*EXERCISE*: For the data below, give the number of lines that include the word "with" and nothing else.

*DATASET RECORDS*:
··········

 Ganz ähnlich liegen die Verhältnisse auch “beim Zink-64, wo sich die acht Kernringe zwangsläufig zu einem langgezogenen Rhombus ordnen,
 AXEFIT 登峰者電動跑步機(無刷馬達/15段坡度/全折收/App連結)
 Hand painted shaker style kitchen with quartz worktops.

··········

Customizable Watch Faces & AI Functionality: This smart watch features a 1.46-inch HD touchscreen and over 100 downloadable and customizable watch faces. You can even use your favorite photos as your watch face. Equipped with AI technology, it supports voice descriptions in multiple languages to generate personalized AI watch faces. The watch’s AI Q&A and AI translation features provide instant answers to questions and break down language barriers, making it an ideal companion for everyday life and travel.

··········

*SOLVED EXERCISE*: 2